Thanks for responding so quickly, Sam. The sudo version is 1.9.8_p2. As for the rest of the requested info, in need some additional time. (I'll try to reproduce the problem in a kvm guest to minimize potential damage to my host.)
(In reply to zin0 from comment #5) > Thanks for responding so quickly, Sam. The sudo version is 1.9.8_p2. > As for the rest of the requested info, in need some additional time. > (I'll try to reproduce the problem in a kvm guest to minimize potential > damage to my host.) That's no problem at all, thank you for reporting it. I'm working on upgrading my ppc64le chroot to test this too.
Created attachment 748317 [details] strace output for sudo
Created attachment 748320 [details] strace output for su
Created attachment 748323 [details] build log for libxcrypt
Created attachment 748326 [details] kernel error messages
It seems that big endian ppc64 isn't affected by this.
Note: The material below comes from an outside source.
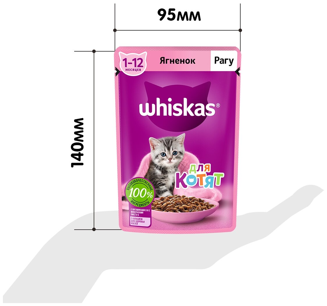Whiskas влажный корм для котят от 1 до 12 месяцев, рагу с ягненком, в паучах - 75 г х 28 шт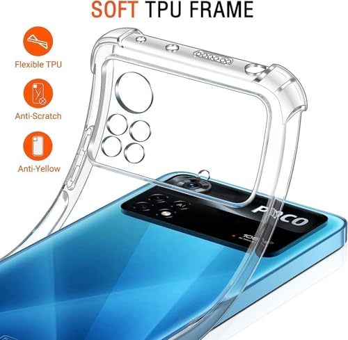 Dl3 Mobilak - جراب حماية خلفي شفاف مضاد للصدمات من السيليكون الناعم والبولي يوريثين المقاوم للحرارة دلـع موبايلك [حماية السقوط الدرجة العسكرية] [لا يصفر] لموبايل شاومي بوكو M4 برو شبكة الجيل الرابع 4G

I just did the libxcrypt migration and sudo / su still work as intended. However, the problem might not be exclusively 64bit related. I have an additional system with the 'default/linux/powerpc/ppc64/17.0/32bit-userland' profile and the problem appears there, too.
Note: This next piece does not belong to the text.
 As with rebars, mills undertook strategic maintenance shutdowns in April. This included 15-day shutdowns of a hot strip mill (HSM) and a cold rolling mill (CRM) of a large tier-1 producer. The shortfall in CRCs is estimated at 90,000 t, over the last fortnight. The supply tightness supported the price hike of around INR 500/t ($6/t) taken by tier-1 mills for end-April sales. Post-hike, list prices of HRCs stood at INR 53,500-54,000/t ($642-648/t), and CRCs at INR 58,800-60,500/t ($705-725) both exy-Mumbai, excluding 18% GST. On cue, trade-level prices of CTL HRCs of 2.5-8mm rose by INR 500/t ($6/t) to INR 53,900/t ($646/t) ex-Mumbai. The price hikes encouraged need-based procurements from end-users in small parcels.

(In reply to zin0 from comment #11) > It seems that big endian ppc64 isn't affected by this. > I just did the libxcrypt migration and sudo / su still work as intended. > > However, the problem might not be exclusively 64bit related. I have an > additional system with the 'default/linux/powerpc/ppc64/17.0/32bit-userland' > profile and the problem appears there, too. That's.. weird. I've tried a ppc64le system and I can't reproduce it there.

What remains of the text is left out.